August 29, 2006

Doing business as a corporation provides you with a number of significant benefits, not the least of which is to insulate you from unlimited liability for corporate activities. As a general rule, you are not liable for your corporation's debts. An exception exists, however, when a corporation is deemed to be merely the alter ego or business conduit of another entity or individual. Under these circumstances, a court may be able to disregard the corporation and "pierce the corporate veil," thus imposing liability on that other entity or individual.

One of the questions a court will consider before it pierces the corporate veil is whether there is "unity of interest and ownership" such that the separate personalities of the corporation and the individual are indistinguishable. Typically, "unity of interest and ownership" will be shown when the individual or the other entity owns stock in the corporation. Does this mean that directors and officers who do not own stock are immune to liability? Not necessarily, according to the Illinois Appellate Court. In a recent opinion, the appellate court affirmed a trial court decision to impose personal liability on the president of a corporation, even though he owned none of the company's stock.

In Fontana v. TLD Builders, the appellate court affirmed a $1.2 million judgment against Nicola DiCosola, the president of TLD Builders Inc. The lawsuit arose when TLD—an Illinois construction company contracted by the Fontana family to build a million-dollar home—allegedly failed to complete the project under the September 24, 1999 construction contract and abandoned all work on the home in February 2001. Even though Nicola's wife, Theresa, owned 100% of the company's stock, the Fontanas sued Nicola and TLD, seeking to pierce the corporate veil and hold Nicola personally liable. After a bench trial, the court entered judgment in favor of the Fontanas and against both the corporation and the individual.

Based on testimony by Nicola and his wife regarding their roles in TLD, the trial court cited the following factors in favor of piercing the corporate veil:

  • TLD was inadequately capitalized; the court did not believe that Theresa actually wrote a $1,000 check as initial capitalization for 1,000 shares of stock.
  • The company failed to observe certain corporate formalities, such as corporate resolutions authorizing notes to be paid to the DiCosolas to satisfy the loans they made to TLD
  • The corporation failed to pay dividends to Theresa (the sole stockholder).
  • TLD operated without a profit.
  • TLD had no employees, nor did it pay any salaries, which resulted in the commingling of corporate and personal assets.
  • Theresa was a non-functioning officer or director because she had no real decision-making role.
  • TLD was insolvent.
  • There were no corporate records, such as corporate resolutions regarding loans made to TLD.

The trial court asserted that only one factor weighed against piercing the corporate veil: the actual issuance of stock to Theresa.
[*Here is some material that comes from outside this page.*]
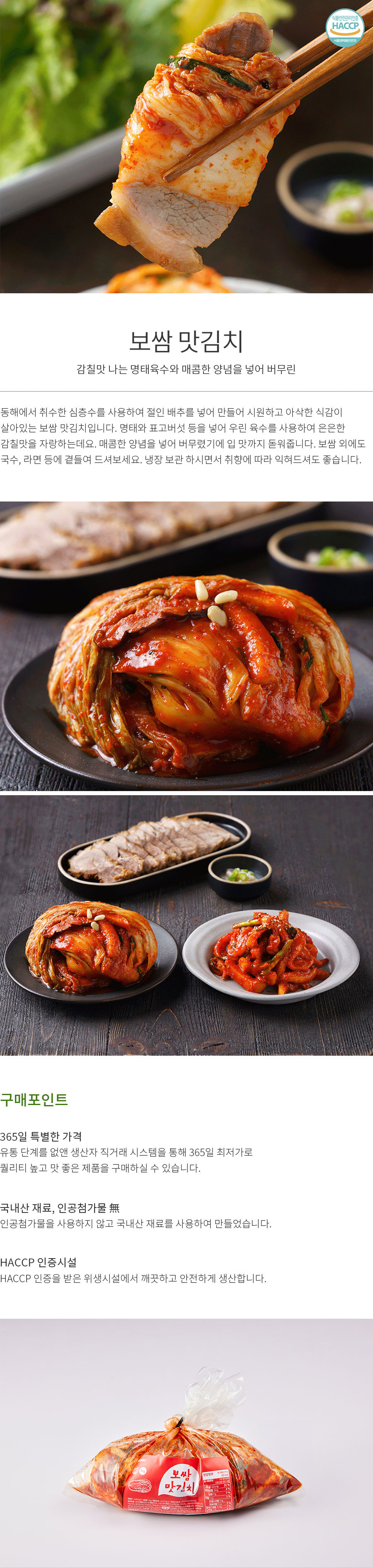 일반 김치와 달리 보쌈 김치는 고기랑 잘 어울리게 맵고 달게 제조 되었습니다.

Consequently, it found that Nicola himself was the "dominant force" behind TLD and that the corporation was "little more than a shell which was established to shield him from liability." The court further determined that allowing the corporate form to shield Nicola from liability would, under these circumstances, "be an obstacle to the protection of private rights." The appellate court agreed.

Fontana v. TLD Builders is an important reminder that the best way to reap the benefits of doing business as a corporation is to follow the formalities required under Illinois law. Otherwise, you may forfeit the protections that the corporate structure generally affords. We recommend consulting with your attorney periodically to review these requirements.

This article contains material of general interest and should not be construed as legal advice or a legal opinion on any specific facts or circumstances. Under applicable rules of professional conduct, this content may be regarded as attorney advertising.